[3.x] iCloud (TouchID) userHandle is without dash

[stoutZero]

PHP & Platform

8.3.6 - macOS 14.4.1 aarch64

Database

PostgreSQL 14.11

Laravel version

11.5.0

Have you done this?

• I have checked my logs and I'm sure is a bug in this package.
• I can reproduce this bug in isolation (vanilla Laravel install)
• I can suggest a workaround as a Pull Request

Expectation

When I use 1Password / my macbook's TouchId, as long as I have registered it in the system, I should be able to login.

Description

When using 1Password as a Passkey, 1Password seems to be sending the userHandle in the format that this package expects, which is without dash, e.g.:
6943324022c046d395de29ceda194b63

Which will be validated in \Laragear\WebAuthn\Assertion\Validator\Pipes\CheckCredentialIsForUser@validateId like so:

hash_equals(Uuid::fromString($validation->credential->user_id)->getHex()->toString(), $handle);
// using the userHandle 1Password provided, the line above becomes:
'6943324022c046d395de29ceda194b63' === '6943324022c046d395de29ceda194b63';

But my MBP's TouchID seems to sent userHandle with dash, i.e.: 69433240-22c0-46d3-95de-29ceda194b63
the hash_equals above effectively becomes:

'6943324022c046d395de29ceda194b63' === '69433240-22c0-46d3-95de-29ceda194b63';

This makes logging-in using my TouchID to be impossible, I reckon other people also can not login.

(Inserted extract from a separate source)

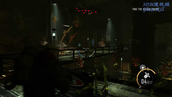 杀的时候小心使用冲击波,地面很脆弱,一击下去说不定直接掉到三层以下,血少的话直接摔死了, 血多的也直接摔没了。杀光所有怪之后修复三个水泵。

Right now this issue is not a problem in my projects, as I am using this workaround in my WebAuthnLoginController.php:

    public function login(AssertedRequest $request)
        : \Symfony\Component\HttpFoundation\Response
    {
        // hacky workaround =>
        $userHandle = $request->json()->get('response.userHandle');

        $request->json()->set('response',
            [
                'userHandle' => Str::replace(
                    '-', '', $userHandle ?? ''
                )
            ]
            + $request->json('response')
        );

        $user = $request->login();

        // ...
    }

But someone might want to address this issue

Reproduction

// sorry, don't have the time to make a repro, feel free to just close this issue :)
// the issue itself is easily fixable on userland, with a little hack.

Stack trace & logs

// This is the TouchID
[2024-05-03 09:50:12] local.DEBUG: array (
  'request' => 
  array (
    'remember' => NULL,
    'id' => 'ZDariNmfR72XYzZEG-QMubXC9Mc',
    'rawId' => 'ZDariNmfR72XYzZEG-QMubXC9Mc',
    'response' => 
    array (
      'authenticatorData' => 'REDACTED',
      'clientDataJSON' => 'REDACTED',
      'signature' => 'REDACTED',
      'userHandle' => '69433240-22c0-46d3-95de-29ceda194b63',
    ),
    'type' => 'public-key',
    'clientExtensionResults' => 
    array (
    ),
    'authenticatorAttachment' => 'platform',
  ),
  'handle' => '69433240-22c0-46d3-95de-29ceda194b63',
  'Uuid::fromString()->getHex()->toString()' => '6943324022c046d395de29ceda194b63',
)  
[2024-05-03 09:50:12] local.DEBUG: Assertion Error: User ID is not owner of the stored credential.  

// This is 1Password
[2024-05-03 09:50:35] local.DEBUG: array (
  'request' => 
  array (
    'remember' => NULL,
    'id' => 'auDdo3Qn2MZ47Fp0bg0hIg',
    'rawId' => 'auDdo3Qn2MZ47Fp0bg0hIg',
    'response' => 
    array (
      'authenticatorData' => 'REDACTED',
      'clientDataJSON' => 'REDACTED',
      'signature' => 'REDACTED',
      'userHandle' => '6943324022c046d395de29ceda194b63',
    ),
    'type' => 'public-key',
    'clientExtensionResults' => 
    array (
    ),
    'authenticatorAttachment' => 'platform',
  ),
  'handle' => '6943324022c046d395de29ceda194b63',
  'Uuid::fromString()->getHex()->toString()' => '6943324022c046d395de29ceda194b63',
)

[DarkGhostHunter]

This should be fixed by simply checking if the user handle sent by the Authenticator is an UUID, and normalize it, on the pipe that checks that.